Dray se amarró su pierna de madera, que se había quitado para conducir, y bajó tan rápido como pudo por la ladera, pues aunque ya no podía jugar, era un crítico apasionado. Era necesario hacer muy poco esfuerzo para guardar el coche, ya que estaba enganchado a un manso caballo sordo, corto de vista y de piernas cortas, cuya edad nadie sabía con exactitud. Lo había escogido Sophie, a quien los caballos no le gustaban y la atemorizaban (lo que era lógico porque había tenido que montar en uno que mordía aunque llevara el freno siendo muy joven, había visto varios cazadores romper las costillas y la clavícula de su esposo y tenía la certeza de que las dotes de sus hijas se habrían gastado en caballos de carreras si no hubieran estado aseguradas legalmente). El caballo, que se llamaba
Moisés
, empezó a caminar despacio hacia el patio, fijando sus maltrechos ojos en Jack, que pasaba las páginas del ejemplar de
The Times
para encontrar la de información financiera. Jack, todavía leyendo, abrió la portezuela de uno de los magníficos compartimientos, y en cuanto Stephen desenganchó el coche,
Moisés
entró, se tumbó en el suelo, dio un suspiro y cerró los ojos.

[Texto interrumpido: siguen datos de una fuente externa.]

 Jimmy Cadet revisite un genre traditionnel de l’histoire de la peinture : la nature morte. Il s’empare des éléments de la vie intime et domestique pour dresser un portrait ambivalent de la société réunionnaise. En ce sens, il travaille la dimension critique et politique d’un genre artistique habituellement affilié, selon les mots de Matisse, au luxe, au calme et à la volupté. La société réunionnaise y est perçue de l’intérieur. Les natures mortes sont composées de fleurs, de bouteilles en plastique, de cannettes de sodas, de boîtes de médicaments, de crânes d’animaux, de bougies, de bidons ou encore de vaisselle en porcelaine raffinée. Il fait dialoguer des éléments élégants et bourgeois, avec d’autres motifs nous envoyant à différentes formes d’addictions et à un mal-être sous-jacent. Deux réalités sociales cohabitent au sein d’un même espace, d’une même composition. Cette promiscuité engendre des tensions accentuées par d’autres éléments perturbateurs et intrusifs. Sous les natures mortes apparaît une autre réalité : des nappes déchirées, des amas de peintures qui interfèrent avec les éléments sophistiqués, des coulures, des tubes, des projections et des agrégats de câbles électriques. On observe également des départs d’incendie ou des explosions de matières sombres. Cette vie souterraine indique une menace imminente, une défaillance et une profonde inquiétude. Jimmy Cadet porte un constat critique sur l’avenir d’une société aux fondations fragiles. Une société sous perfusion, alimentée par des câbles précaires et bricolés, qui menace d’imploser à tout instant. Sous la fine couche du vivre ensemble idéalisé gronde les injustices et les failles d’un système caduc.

—Está mejor de lo que pensaba —dijo Jack con el rostro radiante, lo que le hacía parecer diez años más joven—. Espero que hayas sacado provecho de lo que te dije.

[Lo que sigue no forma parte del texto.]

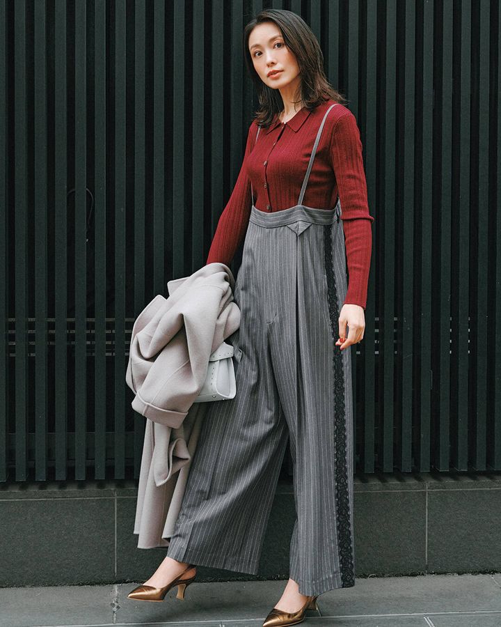 サロペット¥18,480(ミュール)ニット¥38,500(デパリエ/デパリエ 伊勢丹新宿店)コート¥57,200(アルページュストーリー/アルページュストーリー プレスルーム)バッグ¥15,950パンプス¥17,600(ともにダイアナ/ダイアナ 銀座本店)

—Por supuesto que sí —dijo Stephen sin énfasis—. Seguí tu consejo.

Entonces Jack comprendió que no le iba a contar nada más.

—Tendremos una terraza muy espaciosa y posiblemente con fuentes —dijo Jack—. También sería muy conveniente tener una sala de billar para los días en que llueve mucho.

Condujo a su amigo a la cocina, abrió la puerta del pequeño fogón y echó aire dentro con el fuelle hasta que el carbón se puso casi blanco.

—Disculpa el olor a pintura —dijo, cogiendo el molinillo de café—. Dimos la primera mano ayer… —añadió, y el ruido del molinillo ahogó el resto de sus palabras.

Bebieron la reconfortante infusión fuera, caminando de un lado para otro rodeados de la suave brisa, y Stephen, un hombre sobrio en la comida, se comió dos pequeñas galletas. Cuando terminaron de beberse la cafetera, Jack aguzó el oído y pudo escuchar unos gritos en el campo de críquet.

—Tal vez sea mejor que regresemos allá abajo —dijo.

Cuando se dirigían allí por el estrecho sendero, miró un momento hacia atrás y, con una dulce sonrisa, preguntó:

—¿Te dije que quería comprar la
Surprise
? Puedo amarrarla en un puerto privado en Porchester.